On Jobs, Life and Cooking

Sep 29, 2009 10:44

Well its now been 8 days since I have been unemployed, the first couple of days I was in a bit of shock about the whole thing, but given the fact that I absolutley couldn't stand what I was doing I'm currently in two frames of mind about how things are.

1.) Happier, in some ways,  relaxed that I didn't have to go do something that I disliked in an environment that to my mind was nuts, totally reactive mill turning where you weren't really, well I wasn't, kept abreast of what was happening.

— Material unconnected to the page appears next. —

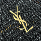 YSL OXALIS 37CM BLACK RAFFIA TAN CALFSKIN

2.) Stressed and tired. I'm not sleeping all that well at the moment as well, I have never really not had a job - generally I've always had 2 or 3. Its a bit odd for me. I've always stood on my own two feet on the job (and life) front and worked. Paid my, and often other peoples way, and I am painfully aware that if I don't get something, anything, sorted within the next few weeks then I am going to, partly due to my previous placements inability to deal with (OK I'll call myself - unruley) staff & give proper training, my (much to my annoyance) laxness in noticing something (and not being able to get my head around how they seemed to want me/temps in general to work) be reliant on the pitiful amount that I will get from job seekers allowance and have to be a burden on someone else's finances.

The real main problem that I can see with this, if, and this is an if, I get the full amount of JSA this will only just cover what I currently have going out in previous debts. I'm really quite worried about this.

Mostly thought its the 2nd point I feel particularly terrible about, having to burden someone else due to my inability to have a job, I feel pretty wretched about not having a job, yet attending a fair few interviews.

Part of the problem is that I really am lacking any real enthusiam about what I want to do. One of the interview feedbacks was that they weren't sure that I was committed to a career in HR as I said that I wasn't sure what area of HR I wanted to go into. Which I thought was a fair comment, apparently not.
I've never really known what I want to do in life, I've got a few ideas but nothing perm and I've always prefered to have a go at differnt things to try and narrow this down.
I am also aware that I would be a lot better if I did have something that I could aim for as I am getting frustrated at myself at the moment as I kind of see it that I don't want to totally focus training on something to find that you can't get a job in that area. This is really daft I know but untill I can get my head out of that track then I don't think that I am going to get very far fast.

From my job at BNS I did enjoy organisnig things, but I mostly enjoyed supporting the graduates with thier problems either in terms of day to day within the company or otherwise. I quite like training as its about development and expolration.
I've thought about going down the careers advising/counselling route and think that I might have to ask around a bit more at the job centre or where you go and ask about such things. I've looked into volutneering say at the samaritans as I thought that it might be good exposure and training for a taste of that sort of thing. Only problem that I forsee with that the moment is I'm not sure if I am emotianally upto it, I'm at a bit of a low at the moment and that generally involves me trying to hide from the world. I' know that I am not really much fun to be around when I am like this.

But away from HR I like a potentially long term idea of opening a cafe somewhere that sells fuds, contenental beer and possibly has a couple of rooms to hire. Far fetched dream potentially but I like the idea of running my own business, catering and hotels is something that I know. I don't think that I will ever get used to office politics myself.

Upsides on the not having a job is that the flat is very clean and I am enjoying getting around to doing some cooking, also self managing myself - I've set my job hunt up like I would be if I were working. So its good to know that I can organise and plan my own time & workload. After the last job I was starting to think that I was completly useless and incapable.

Anyways thats probably enough self indulgance and I ought to get back to checking every online job recruiter under the sun to see what might be out there... At least there are some potental jobs that  I can apply for, I appreciate that there are some people out there that aren't even that lucky.

Back to it, possibly after a biscuit and a cup of tea thou..... tally ho!